“Ô loco, meu ! Quatro transplantes? Só porque ele é famoso…” 

Errou!

Fausto Silva foi submetido recentemente a mais dois transplantes, um de fígado e outro de rim, este último um retransplante planejado por sua equipe médica há um ano. As cirurgias foram realizadas no Hospital Israelita Albert Einstein.

Em 2023, o apresentador que animou as tardes de domingo por mais de 30 anos na TV Globo já havia sido submetido a um transplante de coração e outro de rim, órgão que agora foi substituído, seguindo o que fora programado pelos médicos que o acompanham.

Após as primeiras notícias sobre os novos transplantes em Faustão, novamente surgiram especulações sobre um suposto favorecimento ao ilustre paciente que, por sua condição de celebridade e de milionário, teria passado à frente de outras pessoas na “fila”. Postagens e comentários maldosos nas redes sugeriram que o apresentador teve “preferência” por ser rico, famoso e de estar em um hospital particular de primeira linha. 
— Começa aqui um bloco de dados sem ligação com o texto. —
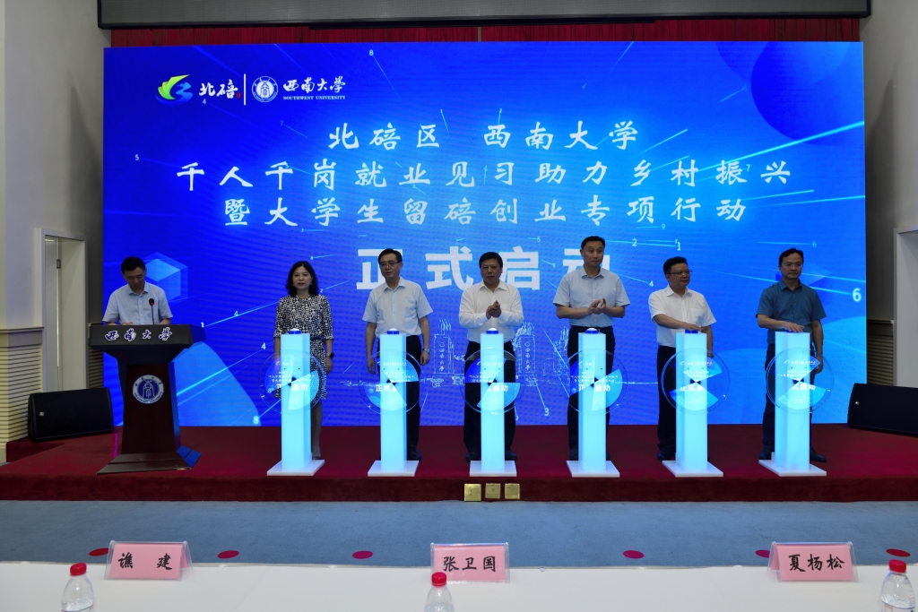 据悉,今天启动的“千人千岗”专项行动按照《实施方案》,已经首批落实32个就业见习项目和1232个分散见习岗位,将有14位专业教师和1300余名西大学子奔赴北碚乡村振兴建设一线,进行产业项目研发,开展就业见习实践。在今年的1000余岗位中,企业岗位575个,党政机关事业单位岗位265个,中小学校岗位392个,乡村振兴等示范项目32个。目前已有700余人完成人岗对接并陆续到岗开展就业见习。
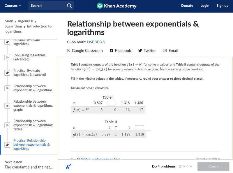 Khan Academy: Algebra Ii: Relationship Between Exponentials & Logarithms

Mais uma vez, a imprensa tradicional foi rápida em exibir reportagens mostrando como funciona o sistema nacional de transplantes, que desde 1997 é regulado pelo SUS (Sistema Único de Saúde) e possui critérios absolutamente técnicos e rigorosos para evitar favorecimentos – uma prática que poderia ter ocorrido veladamente antes do estabelecimento de normas relativas a tempo de espera dos pacientes inscritos, compatibilidade e gravidade para a seleção dos pacientes a serem transplantados. 

O Ministro da Saúde, Alexandre Padilha, veio a público no Instagram e “chamou o VAR” para explicar que não houve qualquer irregularidade no caso de Faustão, que o apresentador estava numa espécie de “fila de urgência” em razão da gravidade de seu quadro clínico, a exemplo do que também ocorrera em outros 100 casos de pacientes desconhecidos do público no ano passado.

Sem dúvida são iniciativas louváveis, mas é pouco.

A especulação e as fake news contra o sistema de transplantes brasileiro neste caso podem desestimular a doação de órgãos no País. São 46,7 mil brasileiros aguardando um transplante de órgãos, e a taxa de doadores por milhão de população (pmp) por aqui equivale à metade das verificadas em países desenvolvidos como Espanha e EUA.

Adicionar o ingrediente da desinformação tende a agravar este quadro, como infelizmente já aconteceu no caso das vacinas. Vidas correm risco por tamanha irresponsabilidade.

É importante esclarecer: transplante não tem “fila”. Tem cadastro técnico, que é dividido por órgão – coração, pulmão, fígado, rim, pâncreas – ou tecido, no caso das córneas. A data de inscrição de um paciente é apenas um dos critérios de seleção para o transplante. Se uma pessoa corre o risco de entrar em falência de órgãos vitais, ele se torna prioridade. Este é um dos filtros. As características do doador-cadáver, como tipo sanguíneo e outros, afunilam ainda mais a lista de possíveis transplantados. No caso dos rins, um antígeno específico do doador, o HLA, é essencial para definir quem será o receptor com mais probabilidade de sucesso no transplante.

Reportagens factuais produzidas em razão da celeuma ajudam a esclarecer esses pontos, mas o tema merece uma “cauda” mais longa, com campanhas permanentes e mobilização de toda a sociedade, incluindo poder público, jornalistas, médicos, gestores dos serviços de saúde e influenciadores digitais. A regulação das big techs também é essencial para evitar a proliferação de informações falsas sobre o processo doação-transplante.

Ricardo Liguori é jornalista e executivo de comunicação na área da saúde desde 2003.